Together with the neighbouring former district of Carrickfergus and part of the former district of Newtownabbey, it forms the East Antrim constituency for elections to the Westminster Parliament and Northern Ireland Assembly.

Settlements and villages in the former borough include Ballycarry, Islandmagee, Ballystrudder, Glynn, Magheramorne, Ballygalley, Cairnalbanagh, Glenarm and Carnlough.
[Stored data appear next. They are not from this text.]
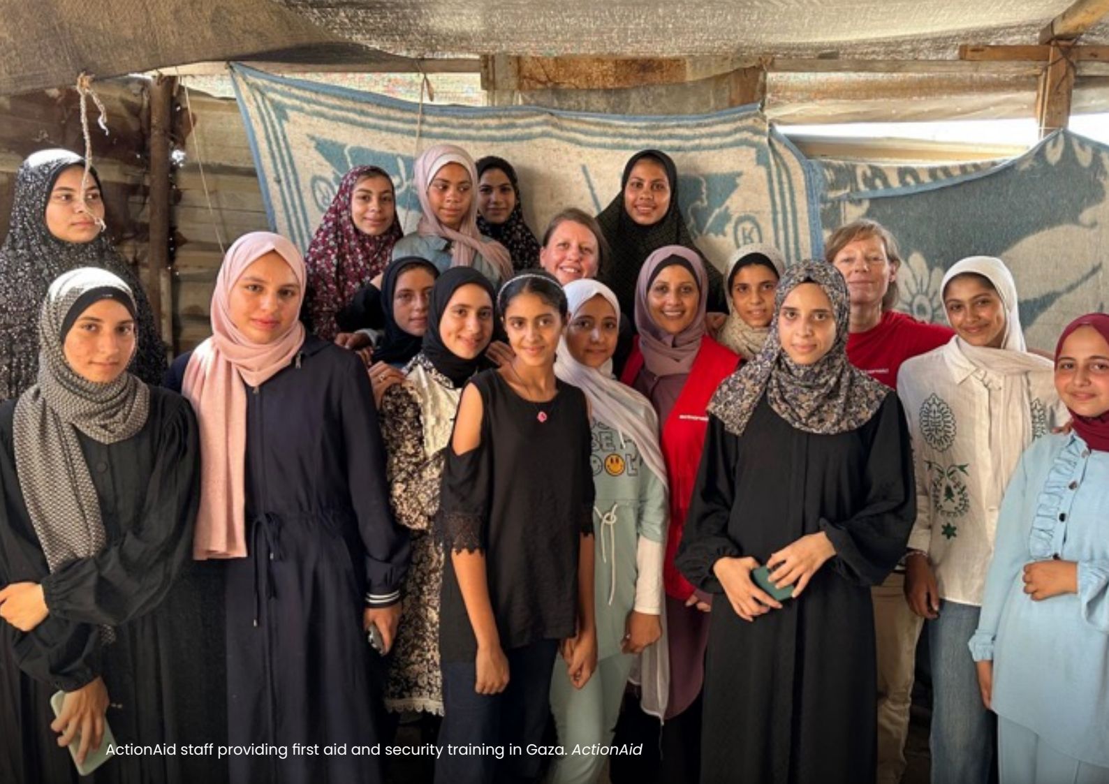
ActionAid staff providing first aid and security training in Gaza.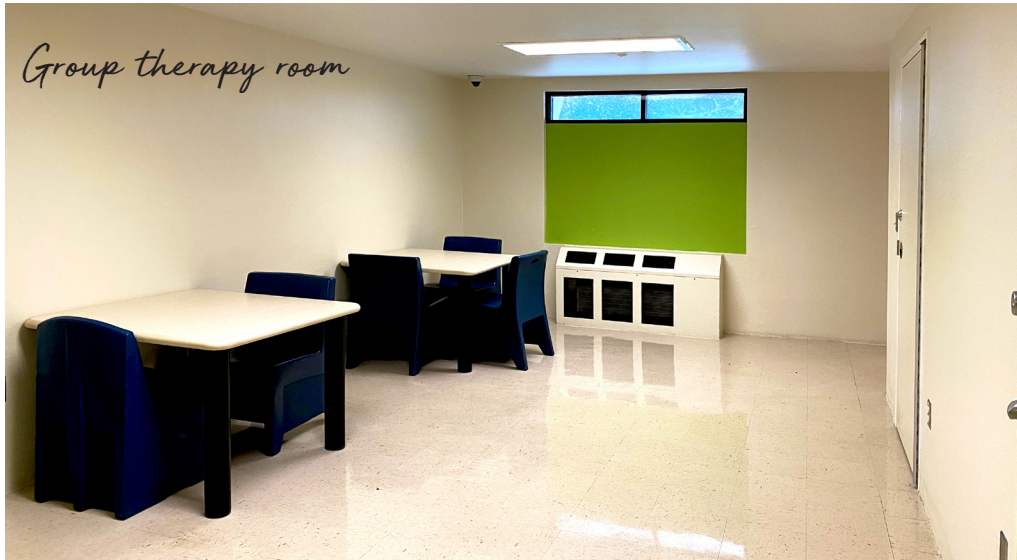
Group therapy room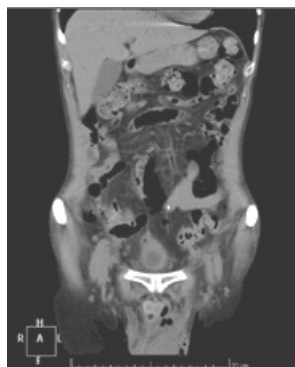
Figure 5. Computerized tomography urogram.

As cancer replicates, tumors may outgrow the blood supply and infiltrate healthy tissues. This causes necrosis within the cancer and/or adjacent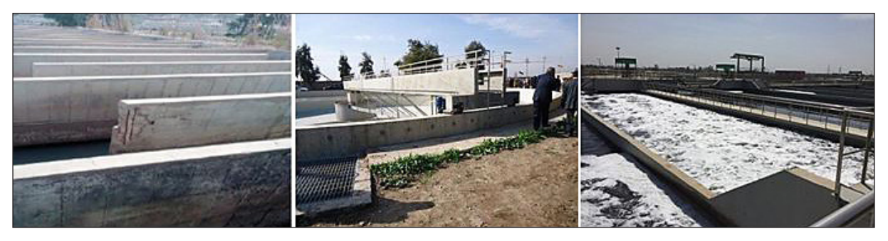
Figure 1. Ilustravive photos of Al-Muamirah treatment plant, Hilla city, Babylon governorate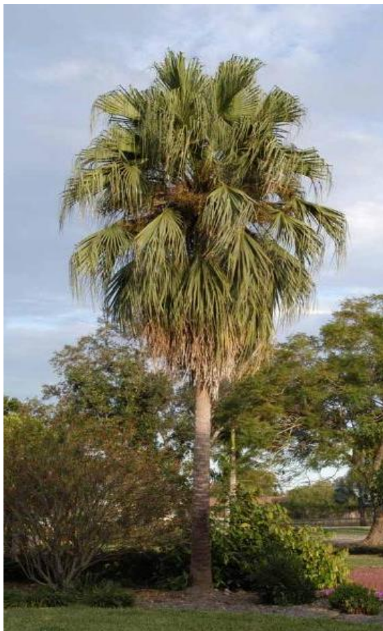
Livistonia chinensis – Chinese Fan Palm, Mature at 15 to 25'. Slow grower. Hardy in zones 9-11. 65 gal., single trunk, $200 wholesale. ALTERNATE TO FOXTAIL PALM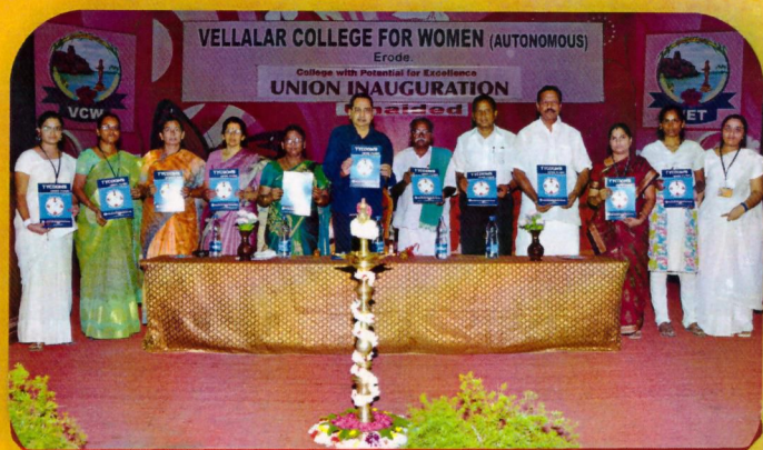
Release of the Yearly newsletter " TYCOON's News Flash"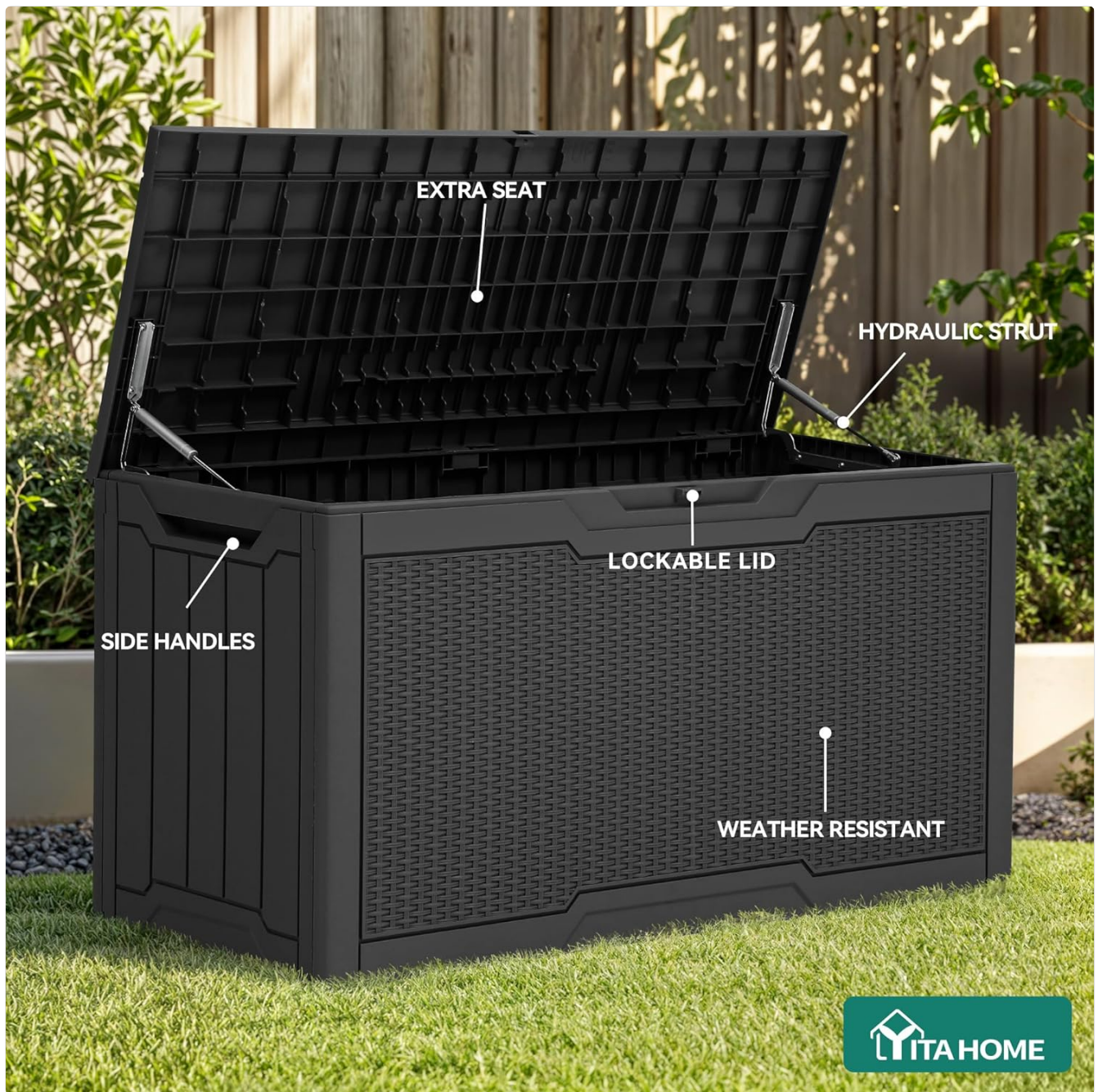
Figure 1: Key features of the YITAHOME 80 Gallon Resin Deck Box, highlighting its design for convenience and durability.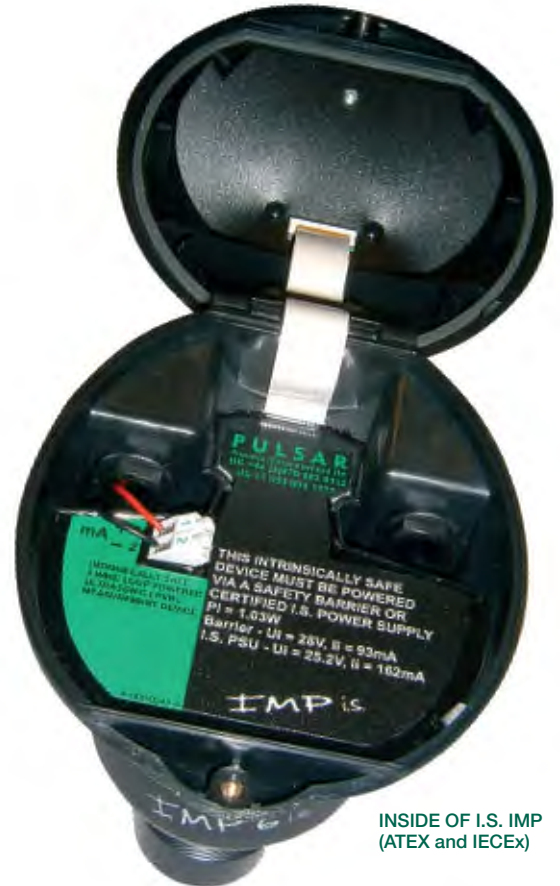
INSIDE OF I.S. IMP (ATEX and IECEx)

The full IMP range is available with the wetted parts in PVDF build alternative for corrosive or aggressive applications. The picture below shows a PVDF nose cone on an IMP 6 unit.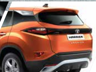
Stunning Impact Design 2.0 Extraordinary Exteriors and Luxurious Interiors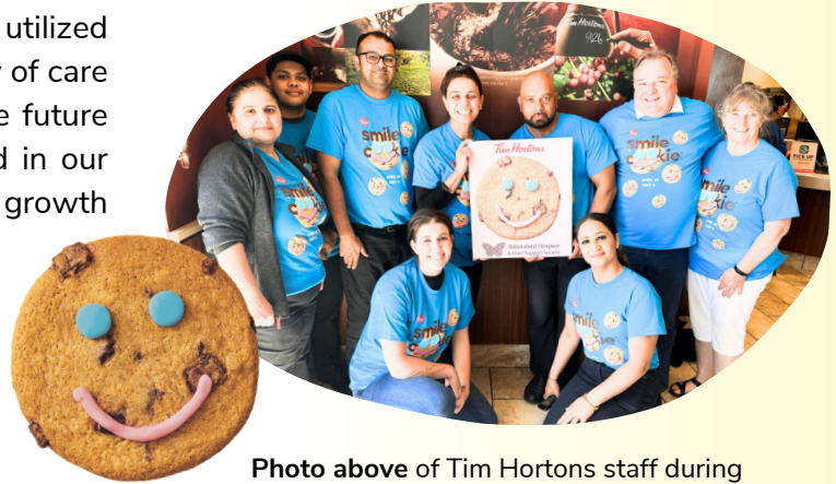
Photo above of Tim Hortons staff during Smile Cookie week campaign April 29 - May 5, 2024

We extend our heartfelt gratitude to all our donors, sponsors, community supporters, and volunteers whose unwavering support has made these achievements possible. Together, we are making a meaningful difference in the lives of those affected by grief and loss, and we look forward to continuing this important work in the years to come.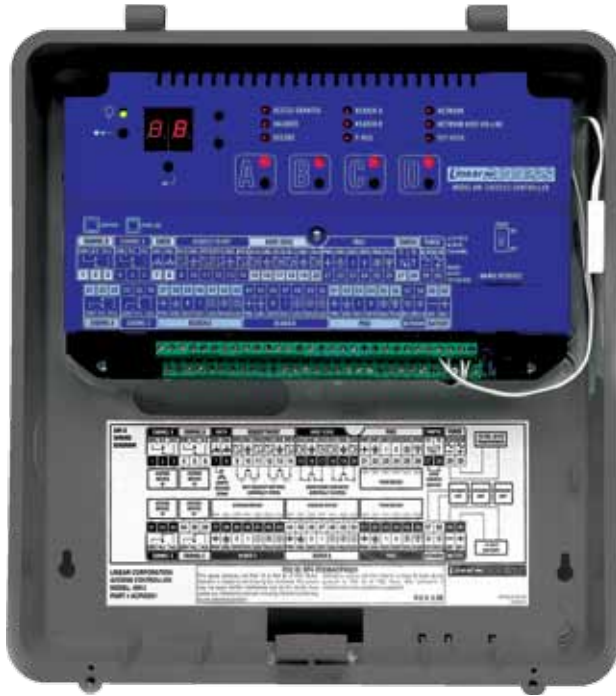
Product No. ACP00950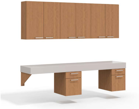
SVCDD-R Doctor's Dictation, right W 91 D 20 H 75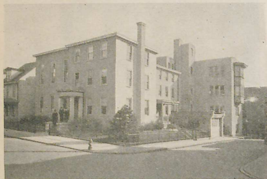
THE OFFICE OF THE ASSOCIATION 100 E. PRICE STREET, GERMANTOWN, PHILA., PA.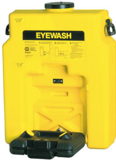
FIGURE 1 MODEL 01104050 SHOWN (See installation instructions on page 4)

Portable 14 Gallon Self-Contained Gravity Fed Eyewash units for use in areas where plumbed potable water is not available. Units are designed for wall mounting or mounting on a transport cart, as well as a stand-alone on a shelf.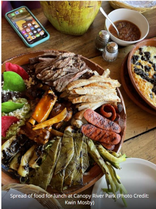
Spread of food for lunch at Canopy River Park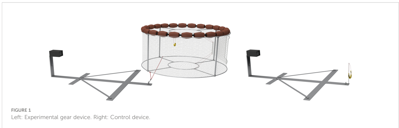
FIGURE 1 Left: Experimental gear device. Right: Control device.

current direction (Furevik and Løkkeborg, 1994). Fish being attracted by odor plume (Løkkeborg, 1998), most of their approaches to the bait is likely to be up-stream. Furthermore, floating the pot avoids the catch of crustaceans such as red king crab ( Paralithodes camtschaticus ) and allows targeting fish species exclusively (Furevik et al., 2008). This characteristic supports the regional legislation, which prohibits the catch of crustacean while using fish pots (CRPMEM Bretagne, 2018). This experiment aims to comply with that legislation. The floated gear was thus linked up to the metal frame using a swivel 40cm above the sea floor, allowing for gyration, whereas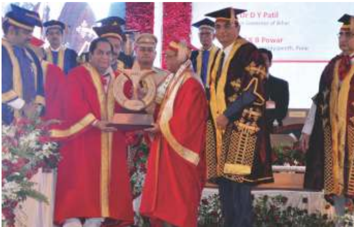
Felicitation of Chief Guest Hon'ble Shri. Pranab Mukherjee, President of India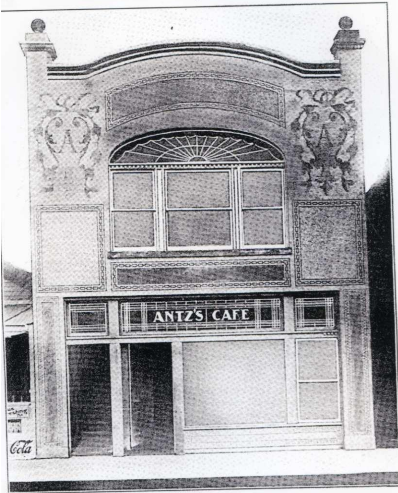
Exterior Mosaic Work Executed by The American Mosaic and Tile Co., Louisville, Ky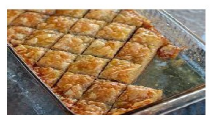
Baklava – Μπακλαβάς $60.00 for 1 Tray - $2.50 each piece

Call Georgia @ (905) 681-2299 by December 12 to order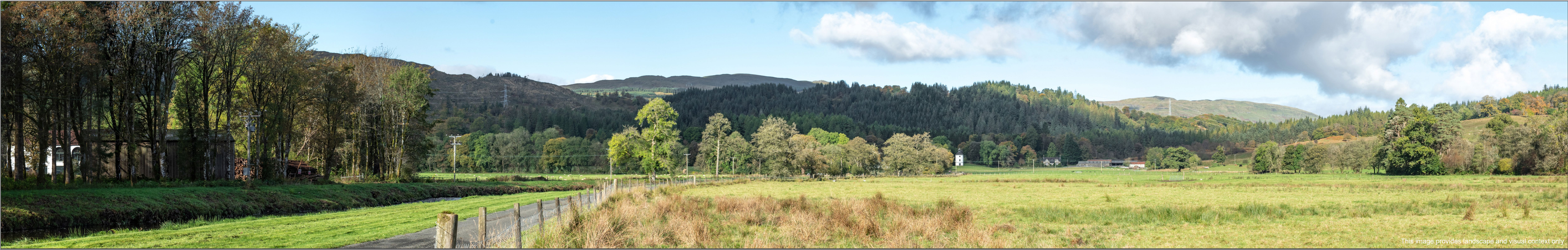
This image provides landscape and visual context only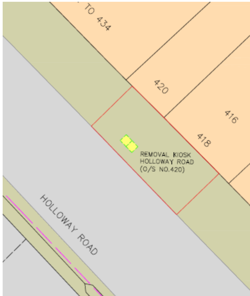
Image 6: Site plan showing the location of the additional 2 phone boxes which would be removed prior to commencement of the works.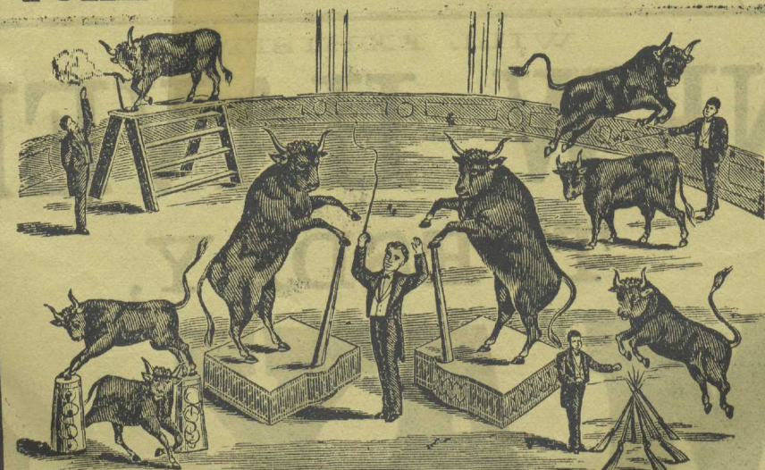
IN THEIR REMARKABLE PERFORMANCES.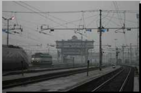
Railway data communications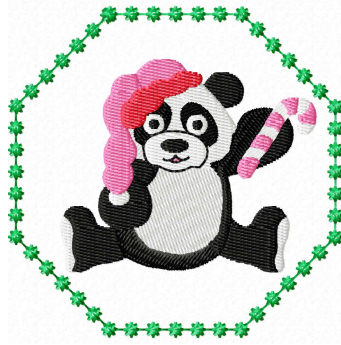
File: winterdesigns_02.jef Stitches: 7338 Size: 85.2x84.2 mm Colors: 6/10 Stops: 9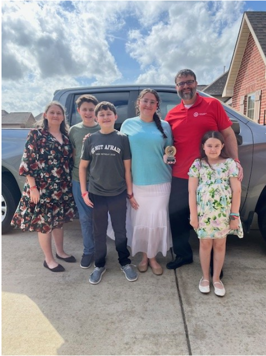
Family of the Month- March

See Also: Local Councils in Northern Ireland

==2011 Election results==

Map of the borough's DEAs from 1993 to 2014

| Party |  | seats | change +/- |
|---|---|---|---|
| • | Democratic Unionist Party | 4 | -1 |
| • | Ulster Unionist Party | 3 | -1 |
|  | Alliance Party of Northern Ireland | 3 | +1 |
| • | Independent | 2 | = |
| • | Sinn Féin | 1 | +1 |
| • | Social Democratic and Labour Party | 1 | -1 |
| • | Traditional Unionist Voice | 1 | +1 |

==Mayors of Larne==
1973: Aubrey Girvan, Independent
1974: Tommy Seymour, Vanguard
1975: Tommy Seymour
1976: Tommy Seymour
1977: Tommy Seymour
1978: Roy Beggs, DUP then UUP
1983: Thomas Robinson, UUP
1984: Jack McKee, DUP
1985:
1986: Rosalie Armstrong, UUP
1987: Winston Fulton, DUP
1989: Rosalie Armstrong, UUP
1995:
1996: Sam McAllister, DUP
1997: Joan Drummond, UUP
1999:
2000: David Fleck, UUP
2002: Bobby McKee, DUP
2004: Roy Craig, Independent
2005:
2006: Danny O'Connor, SDLP
2007: Mark Dunn, UUP
2008: Bobby McKee, DUP
2010: Andy Wilson
2011: Bobby McKee, DUP
2012: Gerardine Mulvenna, Alliance
2013: Maureen Morrow, UUP
2014: Martin Wilson, SDLP

==Review of Public Administration==
Under the Review of Public Administration (RPA) the council was due to merge with Ballymena Borough Council and Carrickfergus Borough Council in 2011 to form a single council for the enlarged area totalling 1047 km^{2} and a population of 127,101. The next election was due to take place in May 2009, but on 25 April 2008, Shaun Woodward, Secretary of State for Northern Ireland announced that the scheduled 2009 district council elections were to be postponed until the introduction of the eleven new councils in 2011. New local government district councils took over from the 26 former councils on 1 April 2015.

==Freedom of the Borough==

In memory of a battle in the town of Musa Qala in Afghanistan in 2006, involving the Royal Irish Regiment, a new regimental march, composed by Chris Attrill and commissioned by Larne Borough Council, was gifted to the regiment on Saturday 1 November 2008 in Larne, during an event in which the regiment was also presented with the 'Freedom of the Borough'. This gave the regiment the right to march through the towns of the borough with 'flags flying, bands playing and bayonets fixed'. The march was named, 'Musa Qala'.

==Council services==
- Carnfunnock Country Park, 3.5 miles from Larne, is owned and run by the council.

==Population==
The area covered by the former Larne Borough Council had a population of 32,180 residents according to the 2011 Northern Ireland census.